Tema dell’educazione: nessuno di noi sa usare gli strumenti di cui è dotato (il nostro
strumento principale è il corpo) se non imparando dagli altri. Quando Socrate dice ai suoi
allievi: sottomette voi stessi a una ricerca reciproca, sta dicendo di imparare ad educarsi
reciprocamente, scegliere bene i propri maestri, perché sono quelli da cui dipende l’esercizio
dei talenti e la capacità di usarli al massimo livello. Una volta imparato a esercitare bene il
corpo, non bisogna tenere per sé il sapere ma comunicarlo, questo contribuisce a tenere
aperto lo spazio della polis.
Per Aristotele tutti possono diventare filosofi, basta imparare a comportarsi secondo giustizia
e conseguire la saggezza.
Non esiste vita pubblica che non sia il riflesso amplificato della vita privata: se nella vita
privata ti comporti in modo snodato e scatenato, la vita pubblica ne risentirà.

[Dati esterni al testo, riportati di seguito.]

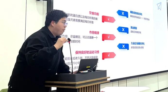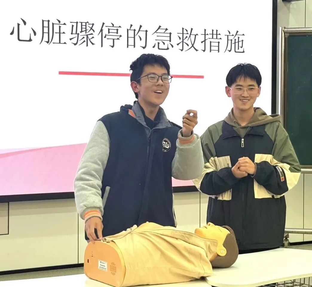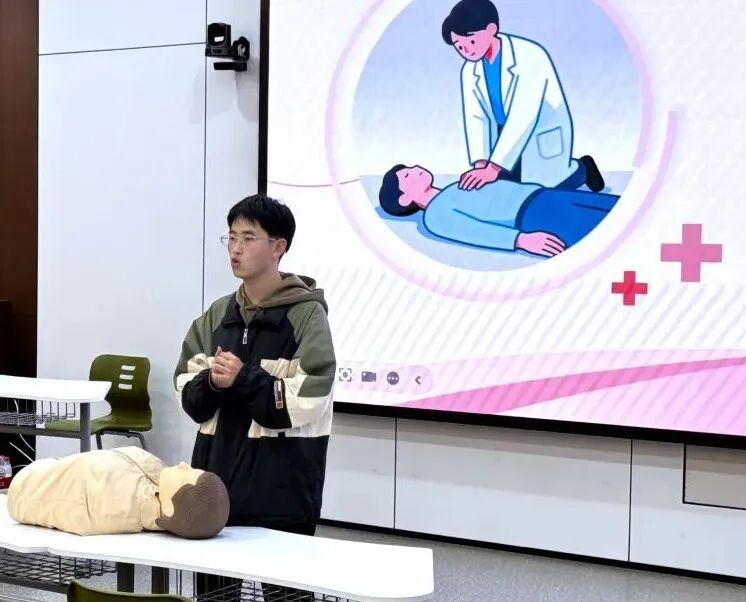 随后的健康教育讲座内容贴近学生实际,兼具科学性和实用性。穆斯塔帕同学以“脑科学与用脑健康”为主题,讲解大脑工作机制及科学用脑方法;王梓丞同学围绕“压力管理与心理调适”,分享情绪调节与心态建设的实用技巧;李仕泽同学则开展了校园急救技能培训,通过模拟演示和现场互动,帮助学生掌握心肺复苏和海姆立克急救法的基本操作,提升应急自救互救能力。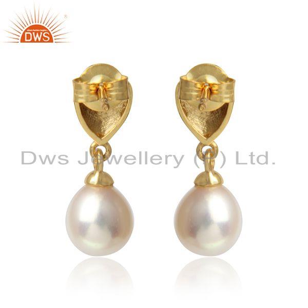 Handcrafted Designer Gold On Silver 925 Dangle With Pearl And Cz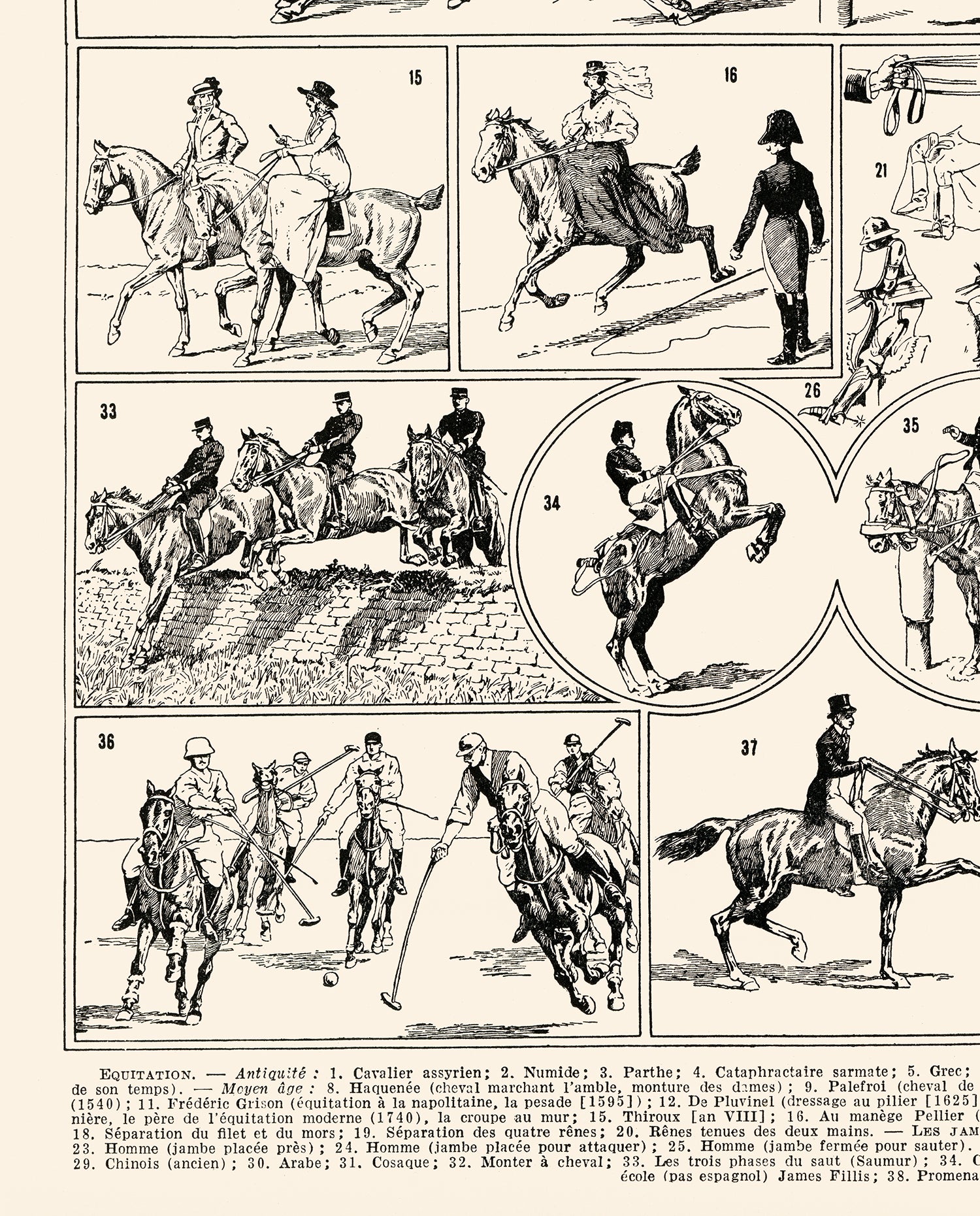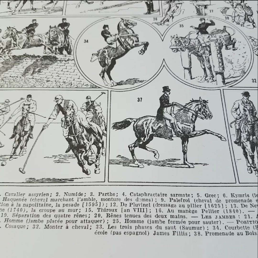 This poster was made by scanning an original 1936 horse riding print at very high resolution. The original print was intended to be seen at a much smaller magnification so that some printing defects, present in the original, may appear with a large size poster. I have chosen to keep these defects as they are part of the charm of these lovingly handcrafted antique prints.

UN OCCHIO ALLE COSE DELLA TERRA E… UN OCCHIO AL DIVINO!


«Infatti il filosofo soltanto vive mirando costantemente alla natura e al divino. Come il buon
capitano di una nave, egli ormeggia la sua vita a ciò che è eterno e costante, là getta
l'ancora e vive padrone di sé. Ora, questa conoscenza è di per sé teoretica, però ci offre la
possibilità di regolare su di essa ogni nostra azione. [Aristotele, Protreptico]

Aristotele ci sta dicendo di rimanere con i piedi per terra.


Perché bisogna essere filosofi? Perché così la vita privata impara ad essere governata e si
riflette nella vita pubblica. Il filosofo fa un bel lavoro su di sé e quindi governa bene, perché
ha uno sguardo sia alle cose terrene che all’ordine divino. Nel mondo classico lo strabismo
indica che un occhio deve guardare alla terra e al corpo, l’altro occhio alle cose divine.
Metafora del governante: il governante è come un pilota, la nave della città senza il governo
del pilota va a scogli e affonda. Ci vuol quindi un buon governante che sappia scegliere la
strategia giusta.
Ciascuno è pilota della propria vita, per ambire a pilotare la città si deve prima imparare a
pilotare sé stessi. Bisogna ormeggiare la vita su ciò che sta in piedi, non sulle cose che
vanno e vengono (denaro, oro, il potere) e cominciare a guardare le cose che valgono: i
principi di giustizia. Per acquisire autonomia (dar legge a sé stesso evitando che siano gli
altri a decidere per te) si deve accettare di non essere padrone di tutto, l’uomo non è misura
di tutte le cose. Se si è consapevoli di non aver stabilito l’ordine del mondo, questo libera
dall’obbligo di essere Dio, e allora si comincerà a trattare gli altri come pari. Per Aristotele
bisogna quindi guardare le cose divine, ma non perdersi dietro fantasticherie astratte, ma
non perdersi neanche nelle cose terrene.